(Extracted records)
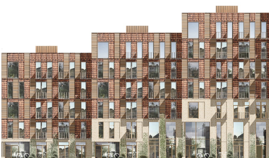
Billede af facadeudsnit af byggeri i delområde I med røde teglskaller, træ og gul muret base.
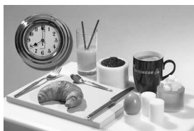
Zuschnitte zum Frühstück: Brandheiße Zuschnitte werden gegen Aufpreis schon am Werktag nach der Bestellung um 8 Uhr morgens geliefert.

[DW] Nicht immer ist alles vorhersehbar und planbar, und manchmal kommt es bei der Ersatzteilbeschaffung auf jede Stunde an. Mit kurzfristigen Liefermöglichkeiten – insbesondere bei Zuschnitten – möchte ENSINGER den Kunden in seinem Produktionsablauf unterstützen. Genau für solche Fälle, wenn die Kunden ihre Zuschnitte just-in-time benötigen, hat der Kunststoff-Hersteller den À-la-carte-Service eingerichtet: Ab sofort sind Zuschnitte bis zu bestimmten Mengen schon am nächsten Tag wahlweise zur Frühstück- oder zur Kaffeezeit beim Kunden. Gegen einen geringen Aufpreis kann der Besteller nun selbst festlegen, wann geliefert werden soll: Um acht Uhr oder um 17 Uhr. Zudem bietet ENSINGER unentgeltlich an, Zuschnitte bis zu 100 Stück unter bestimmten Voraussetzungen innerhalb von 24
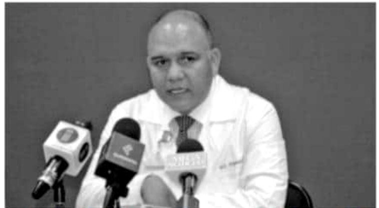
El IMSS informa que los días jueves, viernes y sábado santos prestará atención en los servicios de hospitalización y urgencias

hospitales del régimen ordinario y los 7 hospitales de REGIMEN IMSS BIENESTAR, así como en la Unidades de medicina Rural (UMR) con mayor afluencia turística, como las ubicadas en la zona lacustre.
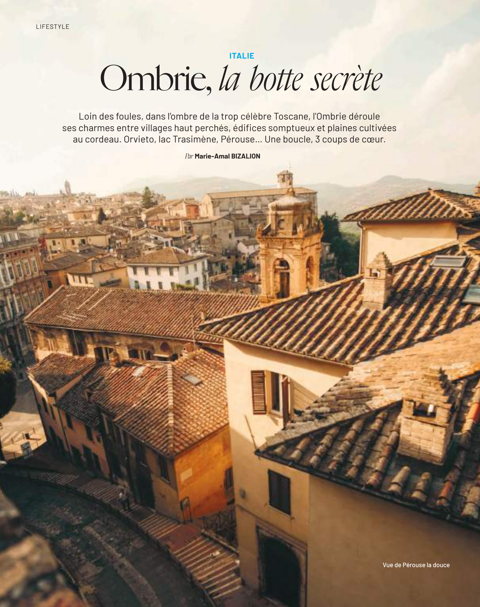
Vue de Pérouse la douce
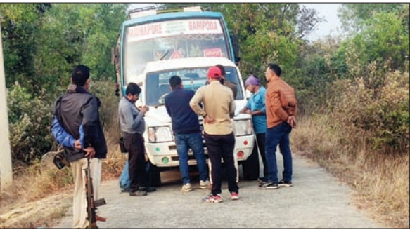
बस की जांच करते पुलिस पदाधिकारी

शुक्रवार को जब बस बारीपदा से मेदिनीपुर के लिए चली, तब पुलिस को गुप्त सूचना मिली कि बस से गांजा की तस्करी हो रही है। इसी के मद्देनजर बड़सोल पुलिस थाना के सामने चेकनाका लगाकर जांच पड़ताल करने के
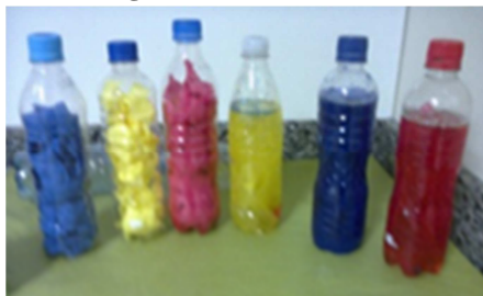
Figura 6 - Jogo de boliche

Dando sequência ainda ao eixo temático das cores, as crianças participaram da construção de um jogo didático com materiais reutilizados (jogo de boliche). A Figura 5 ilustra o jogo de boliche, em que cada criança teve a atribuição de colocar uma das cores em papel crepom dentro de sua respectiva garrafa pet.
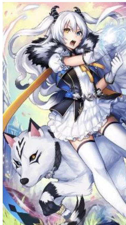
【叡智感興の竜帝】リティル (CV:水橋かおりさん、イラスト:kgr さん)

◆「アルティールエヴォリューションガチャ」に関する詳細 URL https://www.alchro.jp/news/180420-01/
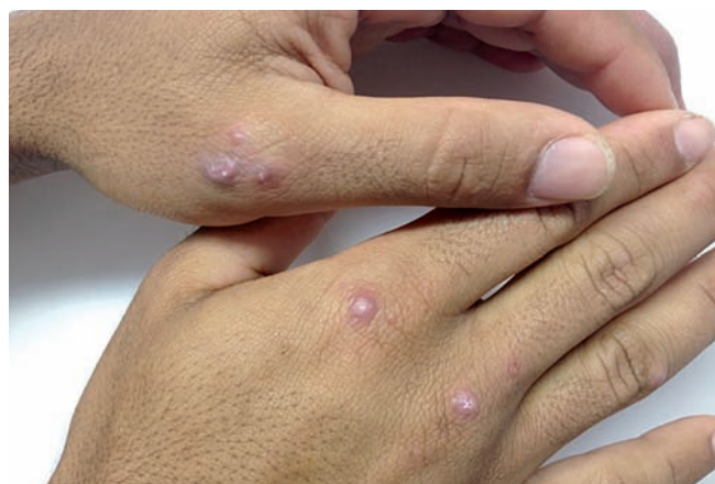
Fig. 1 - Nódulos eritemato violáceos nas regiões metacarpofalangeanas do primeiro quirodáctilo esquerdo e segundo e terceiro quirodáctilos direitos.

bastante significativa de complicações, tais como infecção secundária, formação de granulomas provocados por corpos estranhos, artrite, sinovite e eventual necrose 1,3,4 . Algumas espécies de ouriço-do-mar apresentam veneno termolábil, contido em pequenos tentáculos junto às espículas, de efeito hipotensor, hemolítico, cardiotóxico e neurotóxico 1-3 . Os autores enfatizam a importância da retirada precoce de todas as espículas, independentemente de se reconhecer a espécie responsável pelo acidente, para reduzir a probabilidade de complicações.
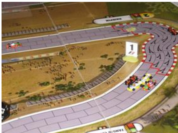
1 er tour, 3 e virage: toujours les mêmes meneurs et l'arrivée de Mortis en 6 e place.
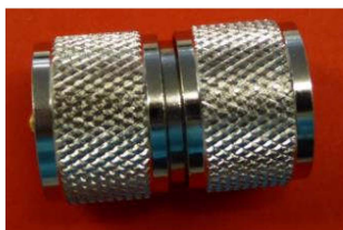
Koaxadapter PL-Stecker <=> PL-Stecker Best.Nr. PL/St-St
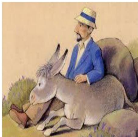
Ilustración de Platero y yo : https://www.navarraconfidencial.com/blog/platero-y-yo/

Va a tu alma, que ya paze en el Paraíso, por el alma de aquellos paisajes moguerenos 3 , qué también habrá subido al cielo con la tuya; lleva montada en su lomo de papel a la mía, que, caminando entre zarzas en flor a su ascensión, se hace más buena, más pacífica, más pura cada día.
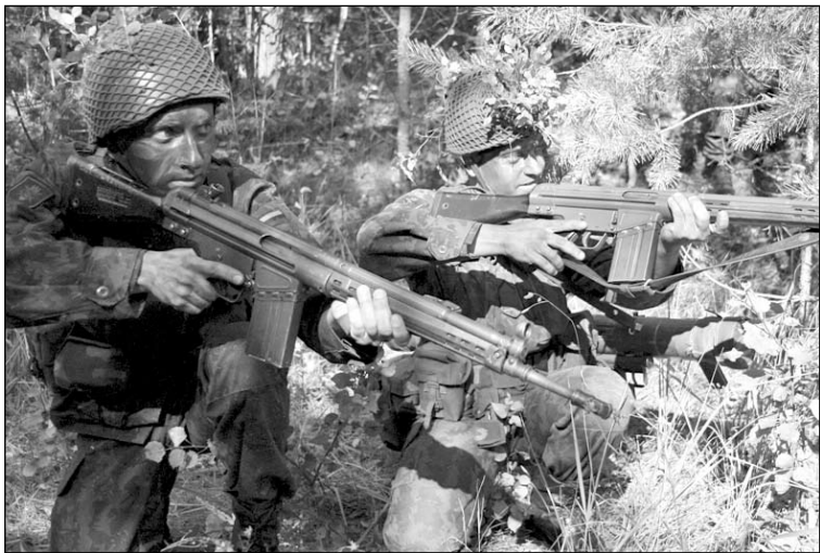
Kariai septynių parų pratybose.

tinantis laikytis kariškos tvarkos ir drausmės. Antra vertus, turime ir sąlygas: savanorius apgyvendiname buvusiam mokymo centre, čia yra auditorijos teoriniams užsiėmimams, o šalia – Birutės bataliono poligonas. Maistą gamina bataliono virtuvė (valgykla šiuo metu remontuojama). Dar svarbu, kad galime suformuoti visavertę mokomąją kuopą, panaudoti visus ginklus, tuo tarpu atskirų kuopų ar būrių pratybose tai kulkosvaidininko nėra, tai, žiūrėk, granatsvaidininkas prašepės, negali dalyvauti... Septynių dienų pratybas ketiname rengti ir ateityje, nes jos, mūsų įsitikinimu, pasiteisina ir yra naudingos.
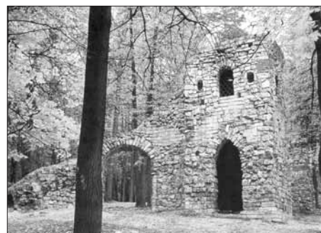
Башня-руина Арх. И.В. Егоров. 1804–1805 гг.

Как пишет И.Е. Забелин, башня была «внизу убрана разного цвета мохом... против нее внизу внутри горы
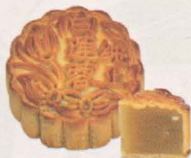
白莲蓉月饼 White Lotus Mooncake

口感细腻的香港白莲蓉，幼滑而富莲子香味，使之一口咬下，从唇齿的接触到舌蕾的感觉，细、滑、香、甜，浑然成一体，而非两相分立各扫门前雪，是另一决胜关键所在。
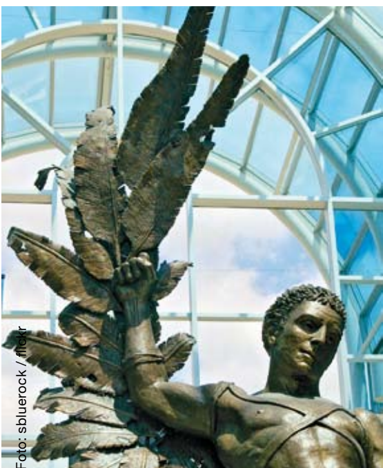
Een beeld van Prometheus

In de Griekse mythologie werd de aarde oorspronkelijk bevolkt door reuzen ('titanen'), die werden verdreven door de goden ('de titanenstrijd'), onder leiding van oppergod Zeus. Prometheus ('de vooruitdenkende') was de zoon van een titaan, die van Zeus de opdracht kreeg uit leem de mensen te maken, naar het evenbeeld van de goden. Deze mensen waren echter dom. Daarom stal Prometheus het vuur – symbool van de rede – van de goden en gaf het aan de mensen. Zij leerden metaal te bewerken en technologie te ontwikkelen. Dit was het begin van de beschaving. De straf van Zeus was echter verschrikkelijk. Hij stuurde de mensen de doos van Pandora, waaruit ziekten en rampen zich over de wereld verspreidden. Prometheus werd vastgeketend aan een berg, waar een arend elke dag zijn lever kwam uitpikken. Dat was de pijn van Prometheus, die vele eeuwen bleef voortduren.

-- EXERCISE REQUIREMENTS --
Using the records above, repeat exactly the run of lines that starts with the line with "1 er tour, 3" and goes on through the line with "Kariai septynių parų pratybose."; omit each picture.

-- SOLUTION --
1 er tour, 3 e virage: toujours les mêmes meneurs et l'arrivée de Mortis en 6 e place.
Koaxadapter PL-Stecker <=> PL-Stecker Best.Nr. PL/St-St
Ilustración de Platero y yo : https://www.navarraconfidencial.com/blog/platero-y-yo/

Va a tu alma, que ya paze en el Paraíso, por el alma de aquellos paisajes moguerenos 3 , qué también habrá subido al cielo con la tuya; lleva montada en su lomo de papel a la mía, que, caminando entre zarzas en flor a su ascensión, se hace más buena, más pacífica, más pura cada día.
Kariai septynių parų pratybose.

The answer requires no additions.